Robert (gurdonark) wrote,

Love at the end of the line

Today on my way to hike the wooded Eisenhower State Park, up north on the Oklahoma border, I stopped in at the Red River Museum in Sherman. A charming historian toured me through the small museum, located in an old Carnegie library. I bought a book called Red River Women, about the many vivid and strong women I encountered in the museum.

The tour reminded me of Edna Gladney, who worked tirelessly for child welfare in Texas. She began by imploring County Commissioners to improve conditions at the Collin County Poor Farm. She pointed out that the children there were "everyone's children".

Her research into a place for the orphan children at the poor farm led her to an adoption agency founded by minister IZT Morris. Morris launched his orphan's home when he figured out that Fort Worth was the "last stop" for orphan train kids.

The orphan trains were used in the late 19th Century to send over 10,000 kids from the crowded northeast to homes in the south, midwest and west. Kids who had no place in the populous urban centers were parceled out, stop by stop, to farmers and small town folk at each little whistle stop town along the way. Social committees in each town coordinated in a way that could not be easily imagined today. Although imperfect, the project in general helped a lot of kids find a home who might otherwise have lacked one.

But Fort Worth was along one route the "end of the line". Brother Morris figured out that many orphan kids who had not been taken along the way just ended up without a family or place, in Fort Worth. He rose to the situation, and did good by those kids.

He set up a home in the 1890s to take them in and get them adopted. Edna Gladney found this home years later, in 1925, hunting for places for the poor farm kids. It became her life's work, just in time to permit Morris, a Civil War veteran, to retire. She became its tireless supporter and advocate. She lobbied the legislature in Texas (1936) to remove the term "illegitimate" from adopted kids birth certificates (saying "there are no illegitimate children--just illegitimate parents"). She worked to get adopted kids their inheritance rights (1951).

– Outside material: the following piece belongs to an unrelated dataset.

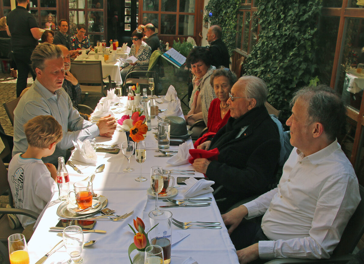 Inzwischen sitzen alle Gäste auf ihren Plätzen, studieren die Menüfolge mit viel saisonalem Spargel und freuen sich, dass sie mit Alexander heute ein Fest fürs Leben feiern dürfen. Alexanders Sohn Jonathan Fried, der mit Frau Olga und den Kindern Jakob und Daniel aus Dubai angereist ist, begrüßt die Freunde der Familie und bedankt sich auf Englisch bei den vielen Menschen, die das Ehepaar im Alltag unterstützen. „Ich kann gar nicht alle aufzählen“, sagt der Finanzjurist sichtlich gerührt.
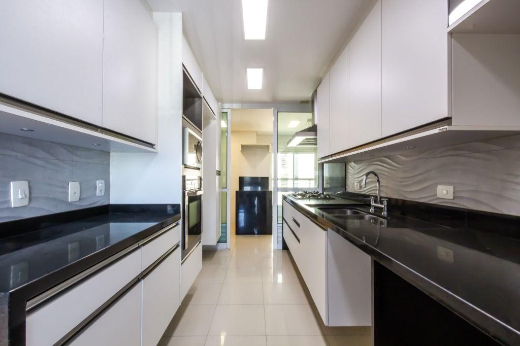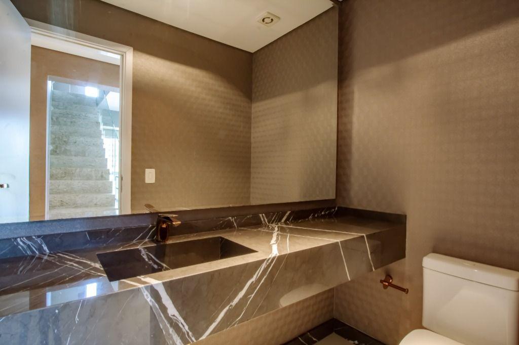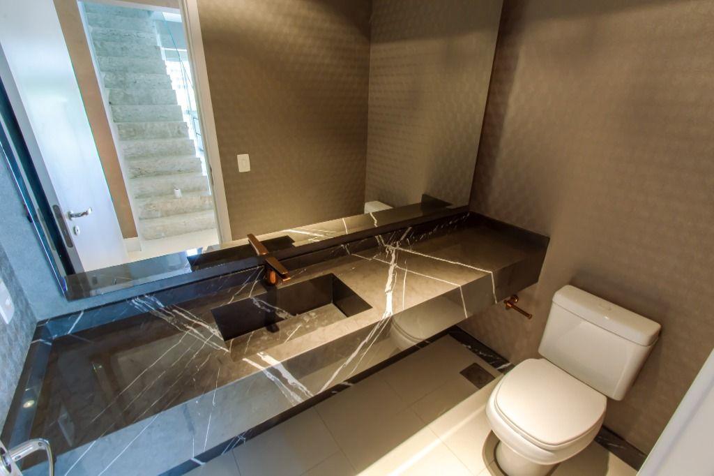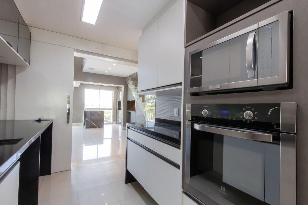 A planta é incrível, e você encontra: sala para 3 ambientes (com pé direito duplo); gourmet com churrasqueira; lavabo; ampla cozinha toda equipada (com marcenaria e eletro); área de serviço; dependência de empregados completa; 4 quartos (sendo 2 suítes) e 3 vagas de garagem!

In the movie, she was played by Greer Garson. But the movie mangled up the facts. Still, she used the money to bail out the home, so fame had its small compensations.

I'm a huge believer in adoption. I posit that while I completely understand the desire to have one's own biological child, the chance to be of service to an unwanted child is so important. Sometimes I want to urge people frustrated with child-bearing issues to wait out the delays and hassle of the adoption system, but then I realize that it's not my business, and in particular, it's not my business when I do not really know anyone else's life but my own. I find that childless people like myself often pontificate the most about children issues, when we have, as is usual with pontificators, the least true insight. But I do know adopted kids whose lives were transformed by having a "real" home.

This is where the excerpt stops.